# Some older pics.. Wanna see what a blown shock does?



## asleepz (Feb 24, 2004)

The shocks were replaced a while ago I just forgot to ever post these pics. But don't try going over any type of bump with no rear shocks... I took them out and the shaft literatly fell right through the cylinder.


----------



## Nostrodomas (Jun 15, 2002)

Get off the GRASS!!!!! Damn kids, hahahahah.
I really like the 1st pic.


----------



## Gimp (Jun 9, 2002)

Nice pics....what's with name change? You're confusing us old folks.


----------



## 7875 (Apr 3, 2003)

Yeah, first picture looks really cool.
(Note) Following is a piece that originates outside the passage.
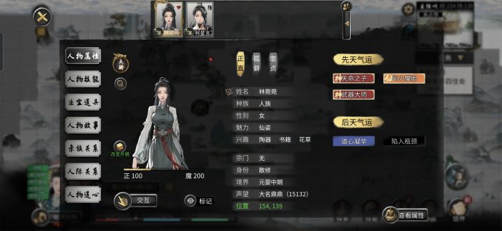 开始前准备,插件全开,选择洪荒模式,NPC数量较多(更好的刷到厉害的NPC) 先天气运必备:阴阳眼、大能转世 性格推荐:忠贞(好结道侣),传承(好拜师),中庸(不会被相反性格的敌视) 剑,风灵根资质尽量高(节省SL灵果时间) 神器选择:双鱼佩 1.进游戏先确认阴阳眼是否能正常触发(保证后续镇妖魂能正常触发,触发了其他的魂要回档,确保镇妖魂能稳定触发两次) 2.零步大法(步数走完后保存,
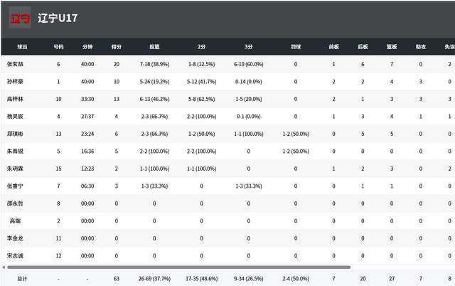 就这场比赛的数据来看,辽宁U17男篮此役只有3人得分上双,张茗喆打满40分钟,18投7中,拿到20分7篮板,孙梓豪打满40分钟,26投5中,拿到10分4篮板3助攻,高梓林13分3篮板3助攻。

I especially like how you aligned it with the two benches and lightpost. :thumbup:


----------



## asleepz (Feb 24, 2004)

irontom said:


> Yeah, first picture looks really cool. I especially like how you aligned it with the two benches and lightpost. :thumbup:


To be honest, all by accident

But yeah the shock going out makes the sucker squat now doesn't it.


----------



## asleepz (Feb 24, 2004)

Timbo said:


> Nice pics....what's with name change? You're confusing us old folks.



tee hee sorry bout that but it had to be done.


----------



## andre (Apr 30, 2002)

making me fall in love all over again....


----------



## NotAnotherHonda (Aug 7, 2003)

nice car and nice pics


----------



## Nismo1997 (Dec 26, 2003)

Yes that first picture does look hot. You should drop it, you already got the boost :thumbup:


----------